* WORK REQUEST
Would you please copy out each entry exactly?

* DATA PROVIDED
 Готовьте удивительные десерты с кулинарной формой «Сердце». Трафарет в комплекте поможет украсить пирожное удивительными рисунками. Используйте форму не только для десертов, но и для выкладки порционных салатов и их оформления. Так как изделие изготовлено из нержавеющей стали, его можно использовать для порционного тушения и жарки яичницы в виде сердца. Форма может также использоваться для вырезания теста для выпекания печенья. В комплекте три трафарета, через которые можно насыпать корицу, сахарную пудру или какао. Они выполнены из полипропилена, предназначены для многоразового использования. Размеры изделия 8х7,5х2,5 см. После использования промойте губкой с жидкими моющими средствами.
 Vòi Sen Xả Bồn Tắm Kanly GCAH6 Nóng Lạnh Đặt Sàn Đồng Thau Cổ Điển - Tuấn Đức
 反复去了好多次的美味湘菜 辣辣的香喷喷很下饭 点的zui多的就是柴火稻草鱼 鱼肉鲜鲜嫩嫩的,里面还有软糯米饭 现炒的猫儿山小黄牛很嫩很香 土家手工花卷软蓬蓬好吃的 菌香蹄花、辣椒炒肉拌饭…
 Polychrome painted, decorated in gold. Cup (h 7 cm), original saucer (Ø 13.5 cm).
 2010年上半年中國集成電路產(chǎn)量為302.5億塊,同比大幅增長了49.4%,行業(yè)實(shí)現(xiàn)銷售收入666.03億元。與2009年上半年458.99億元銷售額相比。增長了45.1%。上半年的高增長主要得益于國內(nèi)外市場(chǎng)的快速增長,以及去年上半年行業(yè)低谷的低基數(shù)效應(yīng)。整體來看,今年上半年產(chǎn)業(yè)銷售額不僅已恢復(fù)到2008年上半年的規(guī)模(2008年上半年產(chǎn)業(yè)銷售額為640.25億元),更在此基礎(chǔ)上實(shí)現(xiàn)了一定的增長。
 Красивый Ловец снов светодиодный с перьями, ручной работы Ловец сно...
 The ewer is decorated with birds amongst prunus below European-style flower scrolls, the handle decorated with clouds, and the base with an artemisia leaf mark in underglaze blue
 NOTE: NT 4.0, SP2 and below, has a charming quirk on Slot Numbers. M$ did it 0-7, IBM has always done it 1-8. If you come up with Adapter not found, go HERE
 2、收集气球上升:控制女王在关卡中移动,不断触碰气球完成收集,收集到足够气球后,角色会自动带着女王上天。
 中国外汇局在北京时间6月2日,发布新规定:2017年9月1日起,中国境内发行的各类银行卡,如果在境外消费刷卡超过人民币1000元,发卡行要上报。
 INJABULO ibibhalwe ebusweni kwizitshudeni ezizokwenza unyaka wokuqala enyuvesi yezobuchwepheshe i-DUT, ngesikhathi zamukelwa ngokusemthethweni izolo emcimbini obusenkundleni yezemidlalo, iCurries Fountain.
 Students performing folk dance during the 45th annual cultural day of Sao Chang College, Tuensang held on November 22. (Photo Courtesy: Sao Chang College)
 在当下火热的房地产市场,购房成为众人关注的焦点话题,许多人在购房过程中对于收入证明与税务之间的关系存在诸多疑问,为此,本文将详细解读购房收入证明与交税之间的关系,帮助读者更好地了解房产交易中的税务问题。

* WRITTEN RESPONSE
 Готовьте удивительные десерты с кулинарной формой «Сердце». Трафарет в комплекте поможет украсить пирожное удивительными рисунками. Используйте форму не только для десертов, но и для выкладки порционных салатов и их оформления. Так как изделие изготовлено из нержавеющей стали, его можно использовать для порционного тушения и жарки яичницы в виде сердца. Форма может также использоваться для вырезания теста для выпекания печенья. В комплекте три трафарета, через которые можно насыпать корицу, сахарную пудру или какао. Они выполнены из полипропилена, предназначены для многоразового использования. Размеры изделия 8х7,5х2,5 см. После использования промойте губкой с жидкими моющими средствами.
 Vòi Sen Xả Bồn Tắm Kanly GCAH6 Nóng Lạnh Đặt Sàn Đồng Thau Cổ Điển - Tuấn Đức
 反复去了好多次的美味湘菜 辣辣的香喷喷很下饭 点的zui多的就是柴火稻草鱼 鱼肉鲜鲜嫩嫩的,里面还有软糯米饭 现炒的猫儿山小黄牛很嫩很香 土家手工花卷软蓬蓬好吃的 菌香蹄花、辣椒炒肉拌饭…
 Polychrome painted, decorated in gold. Cup (h 7 cm), original saucer (Ø 13.5 cm).
 2010年上半年中國集成電路產(chǎn)量為302.5億塊,同比大幅增長了49.4%,行業(yè)實(shí)現(xiàn)銷售收入666.03億元。與2009年上半年458.99億元銷售額相比。增長了45.1%。上半年的高增長主要得益于國內(nèi)外市場(chǎng)的快速增長,以及去年上半年行業(yè)低谷的低基數(shù)效應(yīng)。整體來看,今年上半年產(chǎn)業(yè)銷售額不僅已恢復(fù)到2008年上半年的規(guī)模(2008年上半年產(chǎn)業(yè)銷售額為640.25億元),更在此基礎(chǔ)上實(shí)現(xiàn)了一定的增長。
 Красивый Ловец снов светодиодный с перьями, ручной работы Ловец сно...
 The ewer is decorated with birds amongst prunus below European-style flower scrolls, the handle decorated with clouds, and the base with an artemisia leaf mark in underglaze blue
 NOTE: NT 4.0, SP2 and below, has a charming quirk on Slot Numbers. M$ did it 0-7, IBM has always done it 1-8. If you come up with Adapter not found, go HERE
 2、收集气球上升:控制女王在关卡中移动,不断触碰气球完成收集,收集到足够气球后,角色会自动带着女王上天。
 中国外汇局在北京时间6月2日,发布新规定:2017年9月1日起,中国境内发行的各类银行卡,如果在境外消费刷卡超过人民币1000元,发卡行要上报。
 INJABULO ibibhalwe ebusweni kwizitshudeni ezizokwenza unyaka wokuqala enyuvesi yezobuchwepheshe i-DUT, ngesikhathi zamukelwa ngokusemthethweni izolo emcimbini obusenkundleni yezemidlalo, iCurries Fountain.
 Students performing folk dance during the 45th annual cultural day of Sao Chang College, Tuensang held on November 22. (Photo Courtesy: Sao Chang College)
 在当下火热的房地产市场,购房成为众人关注的焦点话题,许多人在购房过程中对于收入证明与税务之间的关系存在诸多疑问,为此,本文将详细解读购房收入证明与交税之间的关系,帮助读者更好地了解房产交易中的税务问题。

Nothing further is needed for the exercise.